Note that regression algorithms used by the simulation estimation model 21 and the material feature value estimation model 25 are discretionary, and these algorithms may be identical or different. For example, a discretionary algorithm can be selected from various regression algorithms including random forest, support vector machine, Gaussian process regression, and neural network. The material feature estimation model 20 is applicable to any of an organic-inorganic compound and an inorganic compound. The descriptor can be generated from a chemical formula, that is, any of a structural formula and a composition formula. Hereinafter, a more specific configuration of the example of the present description will be described.

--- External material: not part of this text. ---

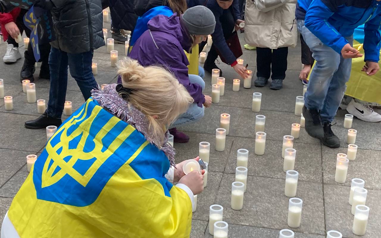 (PR) Hunderte Menschen haben am Freitagabend 1.500 Grablichter auf dem Roncalliplatz aufgestellt. Im Schatten des Doms sollte jede Kerze an einen in der Ukraine getöteten Menschen erinnern. Dazu aufgerufen hatte der Verein Blau Gelbes Kreuz.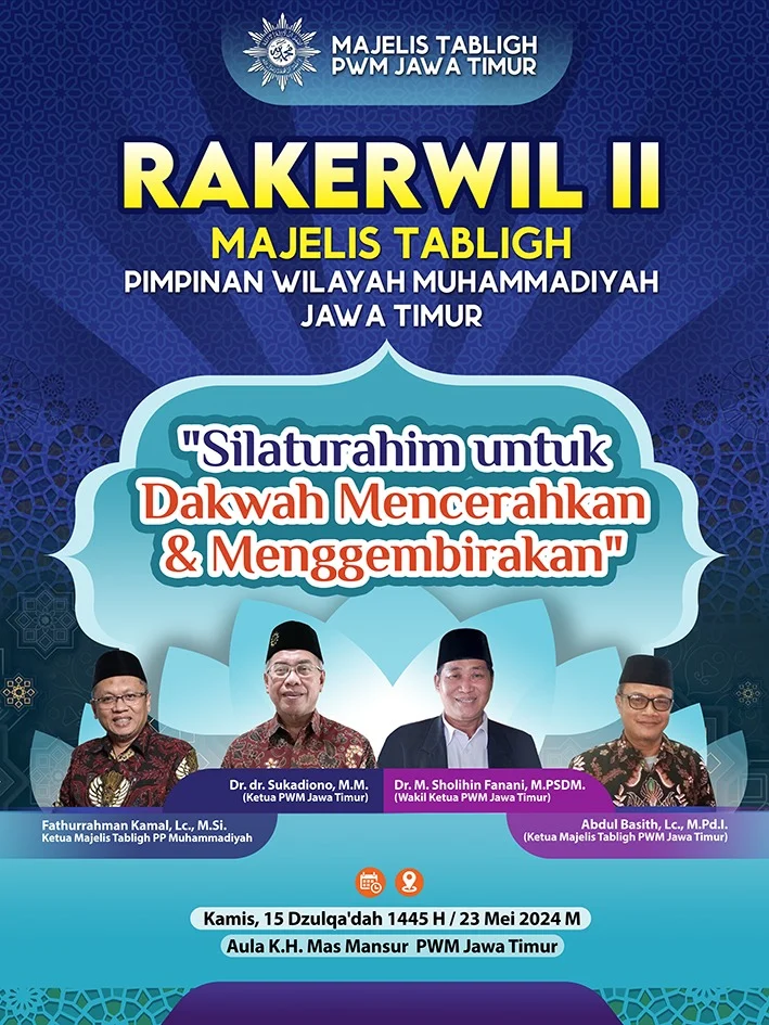 Majelis Tabligh Pimpinan Wilayah Muhammadiyah (PWM) Jatim bakal menyelenggarakan Rapat Kerja Wilayah (Rakerwil) II, Kamis (23/5/2024).

EXAMPLE 1The material feature estimation device 100 stores a descriptor calculation unit 104, a simulation execution target selection unit 105, a material feature value estimation model learning unit 106, a simulation execution unit 107, a simulation estimation unit 108, a simulation estimation model learning unit 109, a material feature value estimation unit 111, and a material feature estimation result display unit 112. These are programs, and one or more processors of the material feature estimation device 100 can operate as corresponding functional units by executing these programs. Note that a discretionary function of the material feature estimation device 100 can be implemented in a discretionary program.
The descriptor calculation unit 104 generates a descriptor from a chemical formula by a predetermined method. The descriptor represents a feature of the material indicated by the chemical formula. The descriptor is represented by a vector including a plurality of elements (feature). A feature corresponding to each element, for example, a molecular weight or an element mixing ratio is represented. Hereinafter, the organic compound material represented by the chemical structural formula will be described as an example of the estimation target material. Examples of the present description are also applicable to an inorganic compound material represented by a composition formula, for example.
The simulation execution target selection unit 105 selects a material for which simulation is to be executed by the numerical simulator 11 in order to generate learning data for learning (training) the material feature estimation model 20. The simulation execution unit 107 executes simulation by the numerical simulator 11.
The simulation estimation model learning unit 109 performs learning (training) of the simulation estimation model 21 that estimates a simulation result. The simulation estimation unit 108 calculates a simulation result estimation value of the material feature by the learned simulation estimation model 21.
The material feature value estimation model learning unit 106 performs learning (training) of the material feature value estimation model 25 that estimates a material feature value. The material feature value estimation unit 111 calculates an estimation value of the material feature value by the learned material feature value estimation model 25. The material feature estimation result display unit 112 presents the user a material feature estimation result by the material feature value estimation unit 111.
The tested material database 102 stores test results of predetermined material feature values of various materials. The untested material database 103 stores data of materials for which tests on material feature values have not been executed. The simulation result database 110 stores a simulation result by the numerical simulator 11.
For example, the auxiliary storage device 154 stores programs such as the descriptor calculation unit 104, the simulation execution target selection unit 105, the material feature value estimation model learning unit 106, the simulation execution unit 107, the simulation estimation unit 108, the simulation estimation model learning unit 109, the material feature value estimation unit 111, and the material feature estimation result display unit 112.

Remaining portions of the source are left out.